Yeah, it’s hard for me to see how this would work in practice - most people solicit beta testers here and typically need to give at least a hint about what the game is like to recruit folks, so I don’t think it’d take long for the cat to be out of the bag. And denying players and reviewers the ability to fit a game into its authors’ broader context feels like it’d be doing the community a real disservice given that most reviewing happens during the Comp.
There has been an informal norm of Comp winners not submitting games in future years - or at least, not games calculated to win - which I think is a reasonable one for us to have to make sure there’s space for newcomers, though honestly looking at Comp winners and high-finishers over the last couple years I don’t feel like this is a big issue.
As for changing ratings upon reading reviews, I agree it’s good to avoid groupthink, but at the same time reviews are often really good at suggesting ways to look at a work that a player might not have previously considered, and I don’t think that’s a bad thing. As you say this is all unenforceable and reliant on the honor system, anyway, so feels to me like something that’s best engaged with as part of the general rule about good-faith judging.
Yeah, it’s hard for me to see how this would work in practice - most people solicit beta testers here and typically need to give at least a hint about what the game is like to recruit folks, so I don’t think it’d take long for the cat to be out of the bag.
I think that’s fine and still in the intended spirit of the guideline. All I mean is that authors shouldn’t deliberately go out of their way to circumvent pseudonymity. It’s a similar situation to anonymous peer review of journal articles; pretty often, it’s a small enough world that qualified reviewers will have an easy time guessing at who wrote the paper even though it’s nominally concealed. Anonymization doesn’t have to always work in order to be good practice.

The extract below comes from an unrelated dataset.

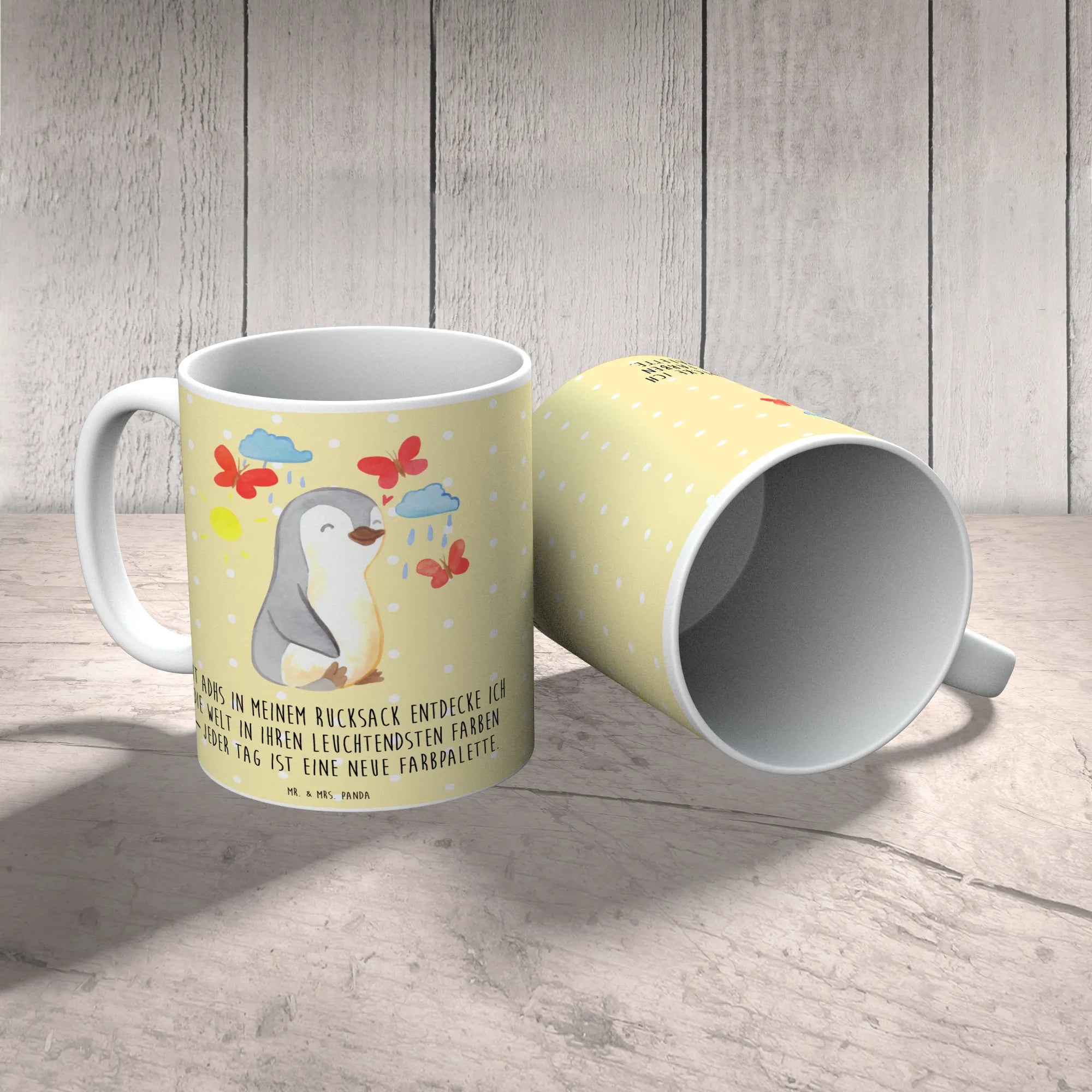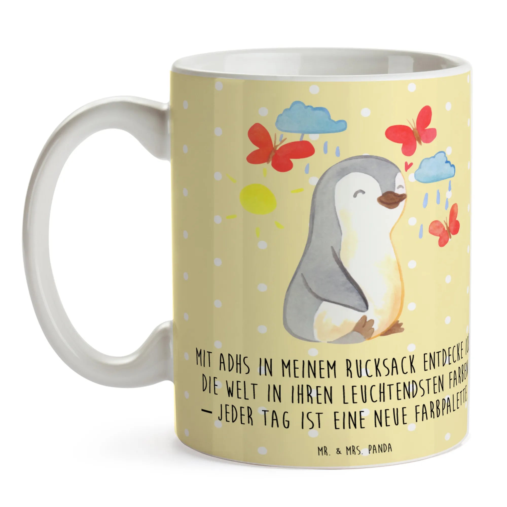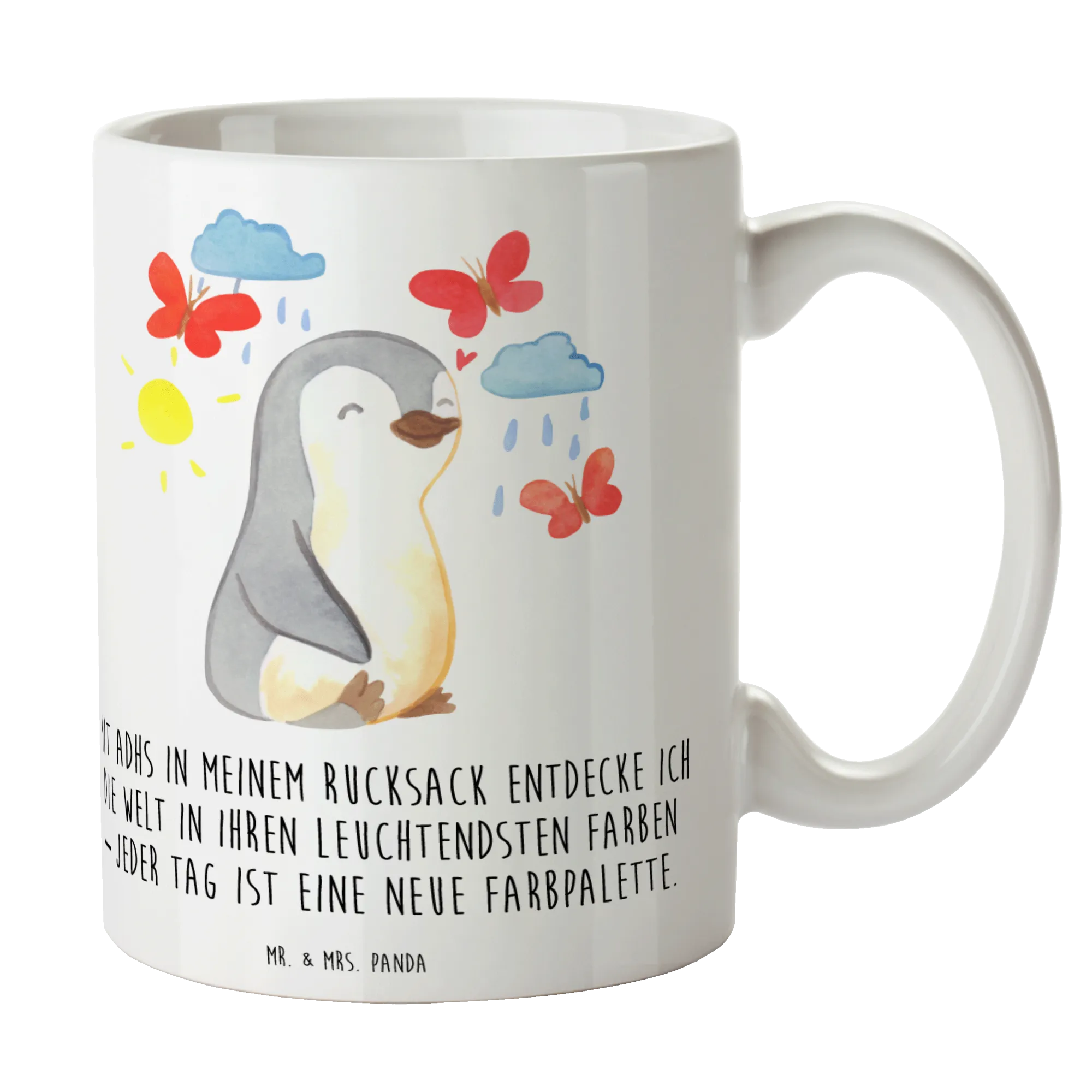 Die wunderschöne Tasse "Pinguin ADHS" aus der Kollektion "Tiere mit Superkräften" von Mr. & Mrs. Panda ist das perfekte Geschenk für all jene, die den bunten Alltag mit ADHS meistern. Diese Keramiktasse, mit einem fröhlich gestalteten Pinguin, der von Wolken, Sonnenschein und Schmetterlingen umgeben ist, symbolisiert die vielen Facetten und Farben, die das Leben mit ADHS mit sich bringt.

I can understand why those rules seem helpful, especially to newcomers, but I also feel like they’re ultimately counterproductive. Let’s trust the reviewers to know that even though some author made some game they loved in the last competition, the current competition’s game is getting reviewed on its own merits. I don’t think that’s an unreasonable expectation.
That’s not what I’m saying. I’m saying you are (or at least I am) going to encounter games you fundamentally don’t like, but know other people may like them. I’m not going to give it one star because I think it sucks when I know I’m not the target audience, and I’m not going to rate it at all since I don’t trust myself to be unbiased.
Ok, now I’m definitely confused, because in that case don’t you still need to play the game to realize that, and therefore the only time being saved is the time it takes to rate the game, which is pretty negligible?
Honestly, I think it’s an intended part of the comp that people will rate games they don’t like, if they actually played them and feel they gave them a fair shot.
I get the feeling that people are dancing around what they really want to be different; we talk about not playing games we don’t like, shorter periods, anonymous authors.
What’s the bad thing that happened? What was not good this time we don’t want to have happen?
It’s like when someone’s having an affair and they come and say ‘this marriage isn’t working for me, I want a divorce’. Even if the partner wants to fix things, it won’t matter if the other person already has a partner, so just admitting it will help.
So in this case, if the problem is ‘infocom tribute games place low’ or ‘the game I like was behind a lot of people I’ve heard of’, then it would be good to say that, otherwise we could be circling around trying solutions for a long time before figuring out what people really want.